El cliente es el gran protagonista, las asociaciones de consumidores alcanzan influencia social y las empresas crean departamentos de atención al cliente. Sin embargo, la realidad del proceso de producción-comercialización –las técnicas de marketing- consiste más bien en una mezcla de detección y manipulación de los deseos y las necesidades. Las empresas tratan de crear o adaptar productos a nuevos segmentos o nichos de mercado –grupos de consumidores con características personales y económicas comunes- para conseguir mayores ventas y fidelizar al cliente frente al acoso de productos y marcas competidoras.

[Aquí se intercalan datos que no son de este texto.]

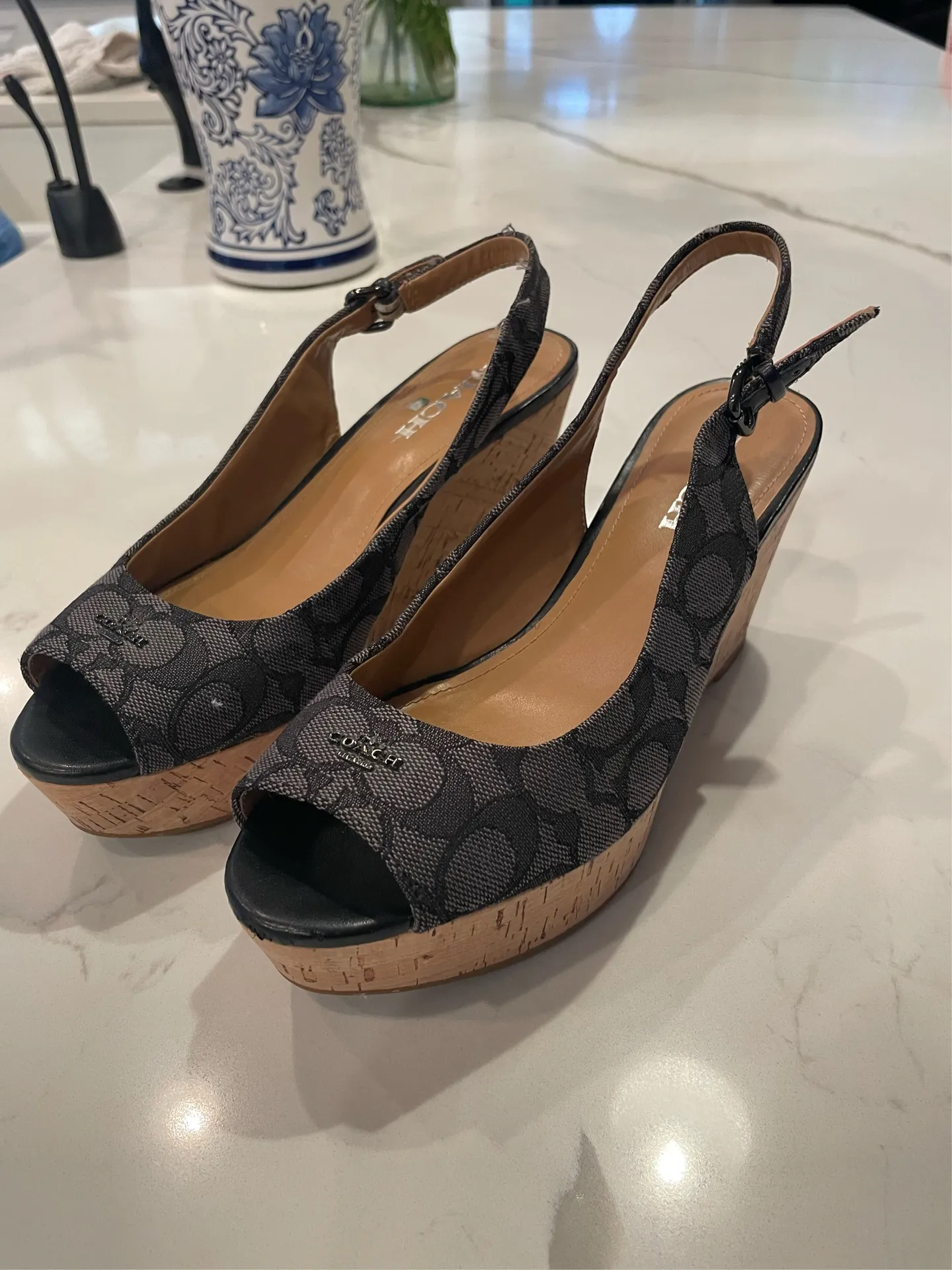 Fits true to size COACH SIGNATURE PRINT Cork Wedge Platform Slingback Sandals Womens size 8.5 FE... Show more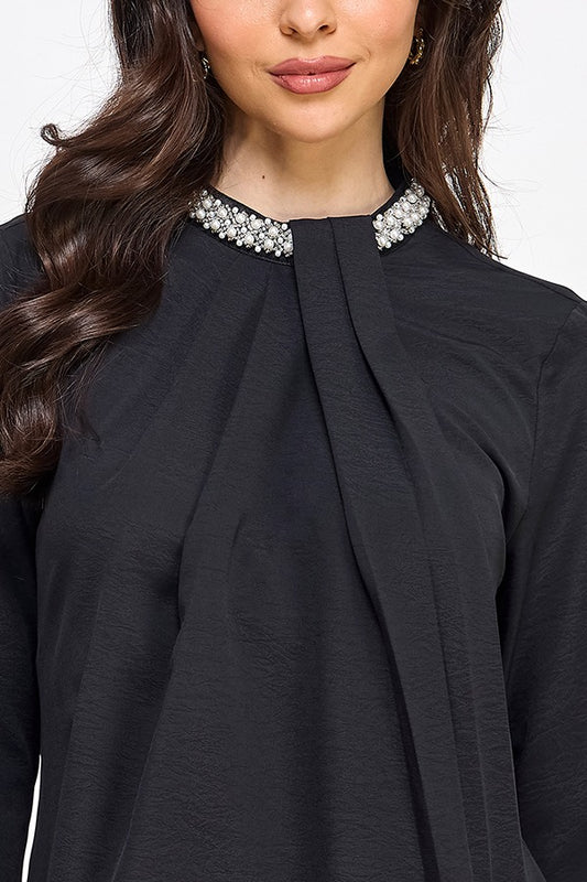 LSLV MOCK NECK TOP W/ TRIM DETAIL COLOR BK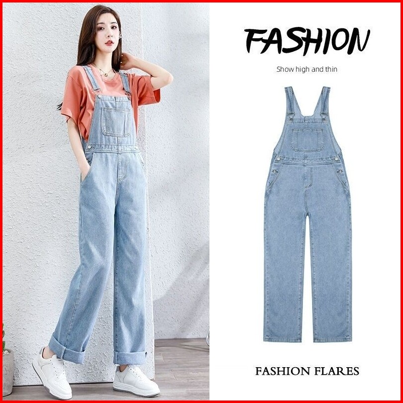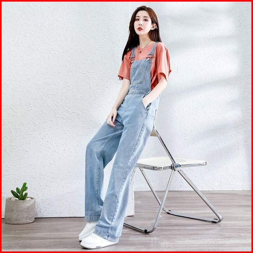 Overall Kaki Lebar Longgar Pinggang Tinggi Gaya Korea Wanita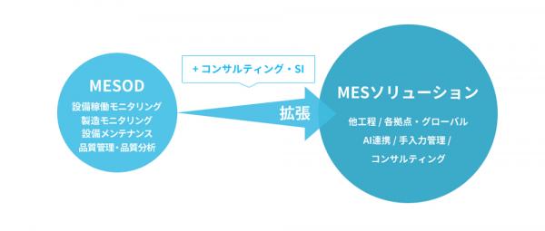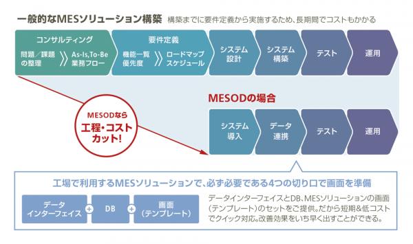 さらに、「MESOD」をベースに、お客様固有の要件をカスタマイズ開発で実装し、フル機能のMESシステムを構築できる「MESソリューション」を用意します。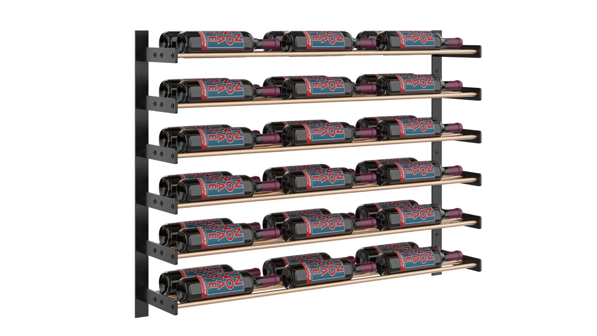 The Wine Wall 30 3C is a 6-bottle tall wall-mounted wine rack that can anchor a small wall or be lined up with other Wine Wall heights to create a custom-sized display to fit your space.

Aparece así en escena un actor despreciado pero cada vez más tenido en cuenta: la basura.
Cada día se producen millones de toneladas de desperdicios de diverso origen y composición en todo el mundo. Deshacerse de ellos sin deteriorar el ambiente es un problema acuciante. El funcionamiento del sistema resulta especialmente revelador en este punto: se puede medir el grado de desarrollo económico de un país por el volumen de basura y de agentes contaminantes que genera.

No sólo aumenta la producción, sino que, debido al número de intermediarios por los que pasa cada unidad de producto y al deseo del fabricante de atraer al posible cliente en el escaparate o la estantería del supermercado, su empaquetado es más sofisticado y costoso. Además, los productos se diseñan y fabrican pensando en que duren cada vez menos y en que resulte más fácil comprar algo nuevo que reparar lo averiado. La obsolescencia tecnológica acentúa esta tendencia, los avances técnicos se dosifican de manera que el producto quede anticuado –e incluso inútil- después de un determinado periodo de uso.

Ante esta avalancha de acontecimientos, mensajes y consumibles, surge en algunos sectores la
contestación. Puesto que cualquiera puede tener cualquier cosa, como todo el mundo lo tiene ya, lo elegante es poseer lo inimitable o lo artesano: el “hecho a mano” vende. La artesanía, los productos fabricados sin componentes contaminantes, el turismo alternativo… son parte de la nueva filosofía ecológica que surge en oposición al consumismo desaforado. El reciclaje de los bienes, e incluso el no consumo, se ofrece como alternativa natural para el ser humano atrapado por el neón, las letras mensuales y el hechizo de las ofertas, el pago aplazado y las rebajas.

Sin embargo, la fortaleza del engranaje consumista es capaz también de engullir esta disidencia, adaptándola lo suficiente para convertirla en un nuevo producto y a sus practicantes, en un rentable nicho de mercado.